HESI RN
HESI Exit Exam RN Capstone
1. What might be suggested to a client with fibrocystic breasts in an attempt to help relieve symptoms?
- A. Increase intake of high-calcium foods in your diet
- B. Wear a supportive bra during the day and at night
- C. Take over-the-counter pain relievers
- D. Perform regular breast massage
Correct answer: B
Rationale: The correct answer is B: 'Wear a supportive bra during the day and at night.' Wearing a supportive bra is essential for individuals with fibrocystic breasts as it helps relieve discomfort by providing necessary support to reduce strain on breast tissue. Option A is incorrect as high-calcium foods are not directly related to symptom relief in fibrocystic breasts. Option C is not the first-line recommendation and may not address the underlying issue. Option D, performing regular breast massage, is not typically recommended and may not provide significant relief for fibrocystic breast symptoms.
2. A client reports unilateral leg swelling after a long flight. What complication is the nurse most concerned about?
- A. Monitor for signs of a pulmonary embolism.
- B. Assess for signs of dehydration.
- C. Monitor for signs of compartment syndrome.
- D. Check the client’s oxygen saturation levels.
Correct answer: A
Rationale: The correct answer is A. Unilateral leg swelling following a long flight may indicate a pulmonary embolism, which is a life-threatening complication requiring immediate attention. Pulmonary embolism occurs when a blood clot travels to the lungs, potentially blocking blood flow and leading to serious complications. Choices B, C, and D are incorrect because dehydration, compartment syndrome, and oxygen saturation levels are not typically associated with unilateral leg swelling after a long flight. While dehydration can cause leg cramps, compartment syndrome is more commonly associated with trauma or injury, and oxygen saturation levels are not the primary concern in this scenario.
3. A client with peripheral vascular disease reports leg pain while walking. What intervention is most effective for the nurse to recommend?
- A. Recommend elevating the legs above the heart.
- B. Encourage the client to increase walking distance gradually.
- C. Encourage the client to avoid sitting or standing for long periods.
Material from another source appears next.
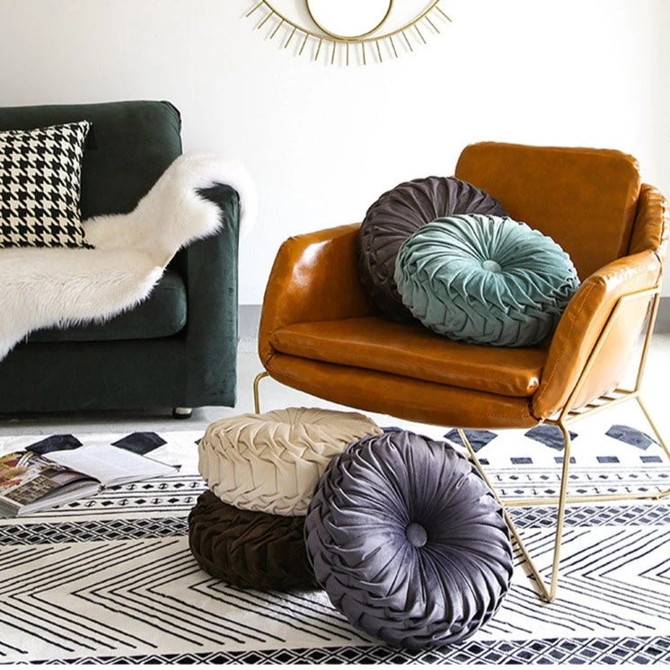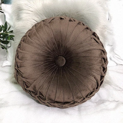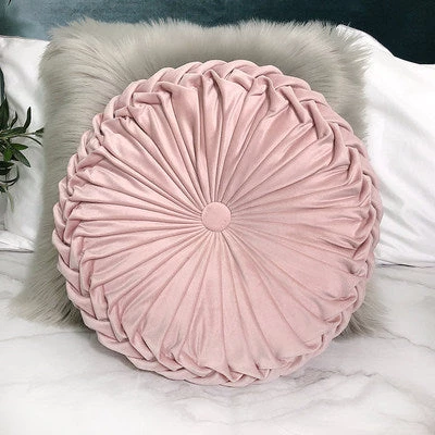 Accent your home with these beautiful Round Pleated Vintage Style Cushion! Layered with other throw pillows on your sofa or on its own on your favorite chair. It’s hand-crafted and is perfect if you want to add a bit of luxe to your living space. Come with a cotton insert and available in a range of gorgeous colors. Get one for every room!

- D. Instruct the client to use warm compresses for pain relief.
Correct answer: B
Rationale: The correct answer is to encourage the client to increase walking distance gradually. This intervention is effective because gradual increases in walking distance promote circulation, improve oxygen delivery to tissues, and help reduce leg pain caused by peripheral vascular disease. Elevating the legs above the heart (Choice A) may be beneficial in other conditions like venous insufficiency but not specifically for peripheral vascular disease. Encouraging the client to avoid sitting or standing for long periods (Choice C) can help prevent blood pooling but does not directly address the walking-induced leg pain. Instructing the client to use warm compresses for pain relief (Choice D) may provide temporary relief but does not address the underlying circulation issues associated with peripheral vascular disease.
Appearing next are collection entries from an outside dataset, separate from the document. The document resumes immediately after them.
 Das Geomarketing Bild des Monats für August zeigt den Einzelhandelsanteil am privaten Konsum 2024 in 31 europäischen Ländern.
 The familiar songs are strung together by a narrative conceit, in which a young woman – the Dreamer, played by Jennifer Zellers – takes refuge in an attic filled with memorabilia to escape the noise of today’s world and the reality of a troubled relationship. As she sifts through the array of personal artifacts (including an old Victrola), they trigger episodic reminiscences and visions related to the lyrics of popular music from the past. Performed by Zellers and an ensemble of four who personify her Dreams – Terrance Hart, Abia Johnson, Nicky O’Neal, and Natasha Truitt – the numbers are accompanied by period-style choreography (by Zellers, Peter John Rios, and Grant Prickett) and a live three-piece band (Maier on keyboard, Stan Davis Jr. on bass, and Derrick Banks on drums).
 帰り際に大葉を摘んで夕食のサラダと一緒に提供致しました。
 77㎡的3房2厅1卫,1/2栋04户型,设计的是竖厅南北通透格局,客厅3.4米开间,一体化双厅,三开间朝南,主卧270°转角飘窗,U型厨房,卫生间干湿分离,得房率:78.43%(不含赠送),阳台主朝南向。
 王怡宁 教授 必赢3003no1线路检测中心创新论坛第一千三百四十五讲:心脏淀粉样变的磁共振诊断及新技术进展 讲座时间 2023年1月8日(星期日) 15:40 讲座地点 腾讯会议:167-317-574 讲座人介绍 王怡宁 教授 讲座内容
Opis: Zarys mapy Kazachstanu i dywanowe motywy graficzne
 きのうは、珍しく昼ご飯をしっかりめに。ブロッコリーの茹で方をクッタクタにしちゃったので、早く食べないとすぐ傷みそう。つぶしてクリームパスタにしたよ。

4. A client receiving IV heparin reports tarry stools and abdominal pain. What interventions should the nurse implement?
- A. Prepare to administer warfarin.
- B. Assess the characteristics of the client's pain.
- C. Obtain recent partial thromboplastin time results.
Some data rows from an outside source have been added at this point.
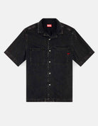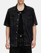 This Diesel short-sleeve denim shirt delivers rugged style with a clean, modern edge. Cut from black washed denim, it features a relaxed fit with a button-up front, two chest pockets, and subtle fading for a lived-in feel. Finished with the signature Diesel logo tab for a touch of identity, it’s a versatile piece that works layered or worn solo.
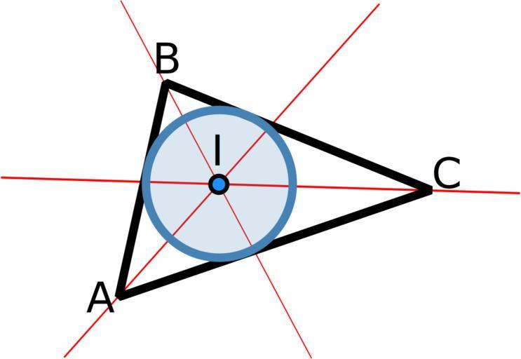 Keywords: Incircle.svg en Diagram to shown the construction of the incenter blue I the incircle blue pl Diagram ilustrujący konstrukcję okręgu wpisanego na trójkącie i jego środka own bazująca na / based on Image Incircle and Excircles svg Lampak Inductiveload 2008 Incircles of triangles Incircle and excircles Incenter |
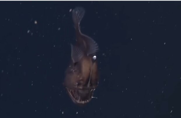 Ztělesnění noční můry. Tato skvrnitá, tmavá ryba se zářícími obrovskými očima láká svou oběť s bioluminiscenčním procesem na bradě.
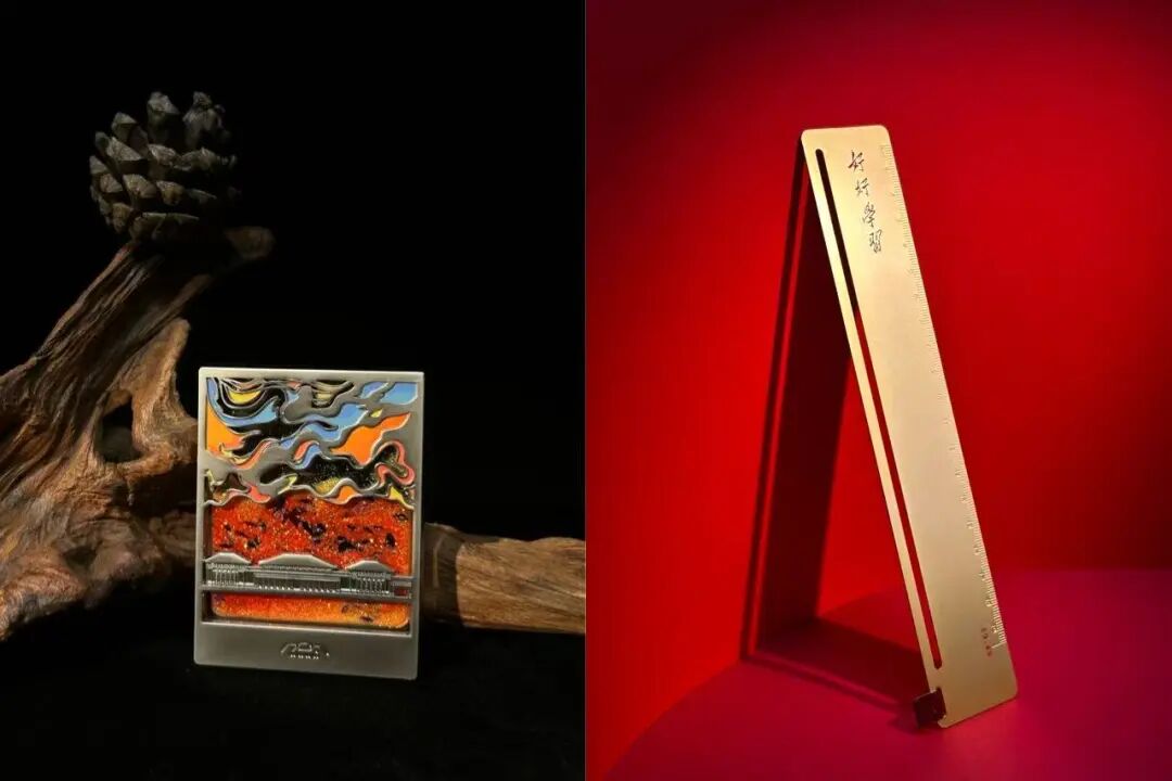 ▲图为香山革命纪念馆文创产品流沙冰箱贴和好好学习黄铜尺。

- D. Monitor stool for the presence of blood.
Correct answer: D
Rationale: The correct intervention for the client receiving IV heparin who reports tarry stools and abdominal pain is to monitor the stool for the presence of blood. This is crucial to assess for gastrointestinal bleeding, a potential complication of heparin therapy. Assessing the characteristics of the client's pain may be helpful but is not the priority when signs of GI bleeding are present. Administering warfarin is not appropriate without a thorough assessment and confirmation of the cause of symptoms. While obtaining recent partial thromboplastin time results is important in monitoring heparin therapy, in this scenario, the immediate concern is to assess for possible GI bleeding.
5. A client who recently underwent a tracheostomy is being prepared for discharge to home. Which instructions are most important for the nurse to include in the discharge plan?
- A. Teach signs of infection
- B. Teach tracheal suctioning techniques
- C. Educate on humidifying air
- D. Discuss the use of a speaking valve
Correct answer: B
Rationale: The correct answer is B: Teach tracheal suctioning techniques. Tracheal suctioning is crucial for maintaining a clear airway in clients with a tracheostomy. Without proper suctioning, secretions can accumulate and cause airway obstruction or respiratory infections. Educating the client on how to perform suctioning safely is a priority for discharge planning. Choices A, C, and D are important aspects of tracheostomy care, but teaching tracheal suctioning techniques takes precedence due to its direct impact on airway patency and preventing complications.